Krisis Ekonomi di Lebanon: Tentara Buka Tur Helikopter, Listrik Padam, hingga Mata Uang Anjlok
Dua pembangkit listrik utama di Lebanon dimatikan pada Jumat (9/7/2021) hingga membuat sebagian besar wilayah mengalami pemadaman listrik nyaris total
Penulis: Ika Nur Cahyani
Editor: Garudea Prabawati
Dilansir Reuters, keruntuhan ekonomi ini juga memaksa tentara putar otak dengan membuka tur helikopter untuk membiayai pemeliharaan.
"Perang yang kami hadapi adalah ekonomi dan oleh karena itu membutuhkan cara yang tidak konvensional dan ide yang kami miliki adalah melakukan tur helikopter," kata Kolonel Hassan Barakat, juru bicara militer.
"Biaya perjalanan ini menjamin pemeliharaan penting pesawat," ujarnya.
Tur menggunakan helikopter Robinson R44 selama 15 menit dihargai $150 atau Rp 2,1 juta.
Bank Dunia menggambarkan Lebanon saat ini mengalami salah satu depresi ekonomi terdalam dalam sejarah modern.
Mata uang kehilangan lebih dari 90% nilainya dalam waktu kurang dari dua tahun dan lebih dari setengah populasi tenggelam dalam kemiskinan.
Komandan Angkatan Darat, Jenderal Joseph Aoun bulan lalu mengingatkan krisis akan menyebabkan runtuhnya semua lembaga negara termasuk tentara.
Dia menyebut nilai gaji bulanan seorang tentara sekarang hanya $90 sekira Rp 1,3 juta.
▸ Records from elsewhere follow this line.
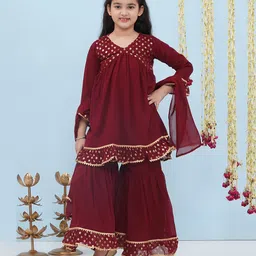 AJ Dezines Three Fourth Sleeves Printed Anarkali Kurta Sharara Set - Maroon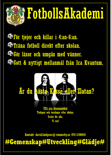 Den här veckan startar terminens FotbollsAkademi. Imorgon blir det uppstart med lite info om upplägget för nya och gamla elever. Beroende på kylan kommer vi anpassa verksamheten efter väder första veckorna innan våren är här på allvar, kan bli mer tid i klubblokalen till att börja med vid låga temperaturer. Tisdagar kommer sedan innehålla mer teknikövningar och torsdagar med spelövningar. Längre fram kommer vi också åka och titta på en allsvenska match tillsammans. Varmt välkomna!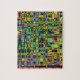 This challenging jigsaw puzzle flaunts an abstract tapestry in a variety of shades of blue, pink, purple, yellow, green, black and more more!

Baca juga: Hizbullah Lebanon Bangun Banyak Terowongan Infiltrasi Menuju Wilayah Israel
Baca juga: Solidaritas untuk Palestina, Aksi Protes di Lebanon Terus Berlanjut
Diketahui krisis ekonomi yang melanda Lebanon terjadi karena korupsi yang terjadi puluhan tahun dan pemborosan di pemerintahan.
Sebagai penerima besar dukungan militer AS, tentara telah menopang stabilitas Lebanon sejak akhir perang saudara 1975-90.
Qatar minggu ini mengatakan akan memberi tentara 70 ton makanan per bulan.
"Ini adalah pengalaman yang menyenangkan bagi anak-anak saya untuk melihat Lebanon, dan pantai Lebanon yang indah dari udara," kata Adib Dakkash, wisatawan dari Swiss yang menggunakan tur helikopter ini.
"Saya lebih suka menghabiskan $150 agar helikopter tentara terus beroperasi, sehingga pilot dan perwira terus terbang, daripada menghabiskannya di restoran, untuk makanan atau hal-hal yang tidak berarti," tambahnya.